What to do:
Could you give the data below again exactly, apart from the pictures?

Dataset section:

───

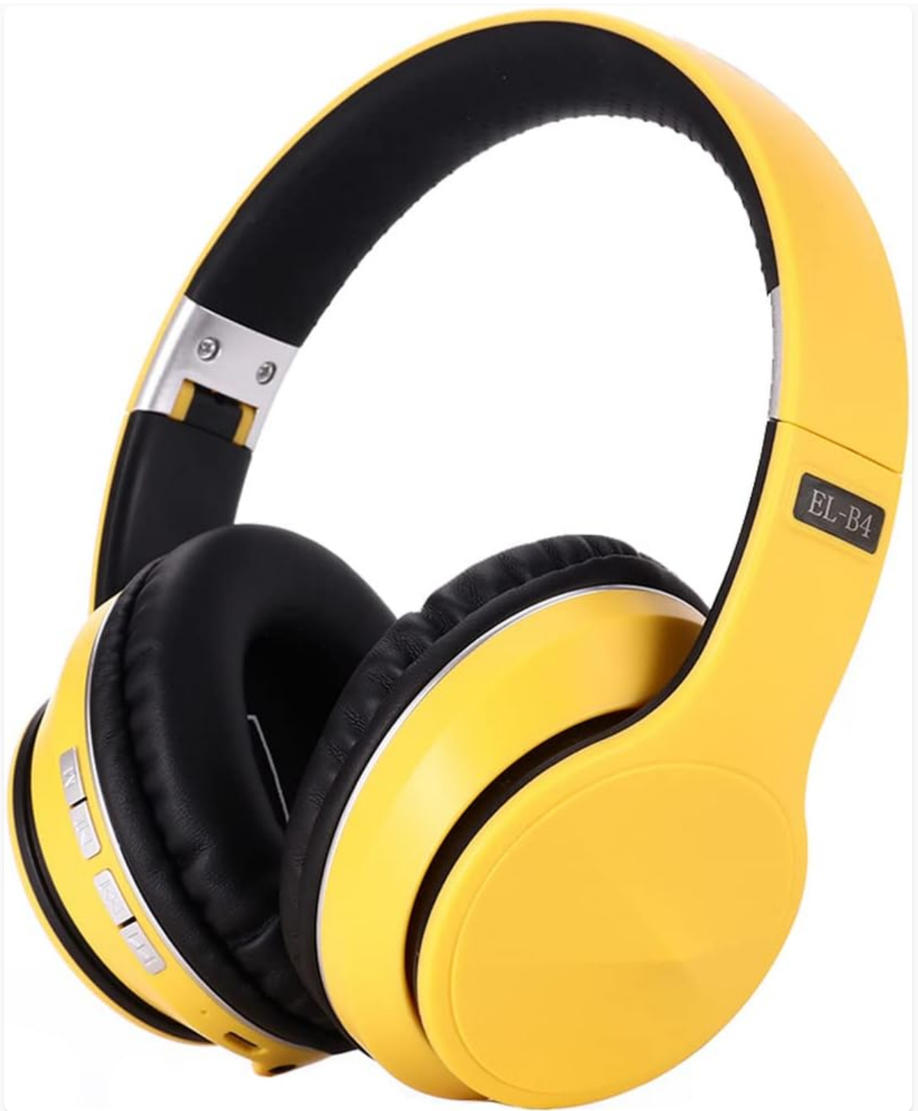
Figure 1: OYEALEX EL-B4 Over Ear Headphones (Yellow variant shown).
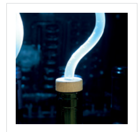
Supplied directly from the bottle
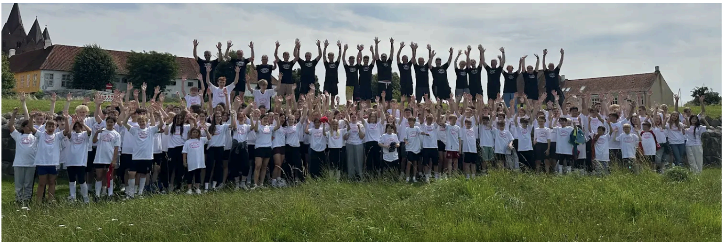
Participants, coaches, helpers and camp leaders at DFF's Summercamp 2024

All fencers born in or before 2016 are invited to take part in the camp

───

Response box:
Figure 1: OYEALEX EL-B4 Over Ear Headphones (Yellow variant shown).
Supplied directly from the bottle
Participants, coaches, helpers and camp leaders at DFF's Summercamp 2024

All fencers born in or before 2016 are invited to take part in the camp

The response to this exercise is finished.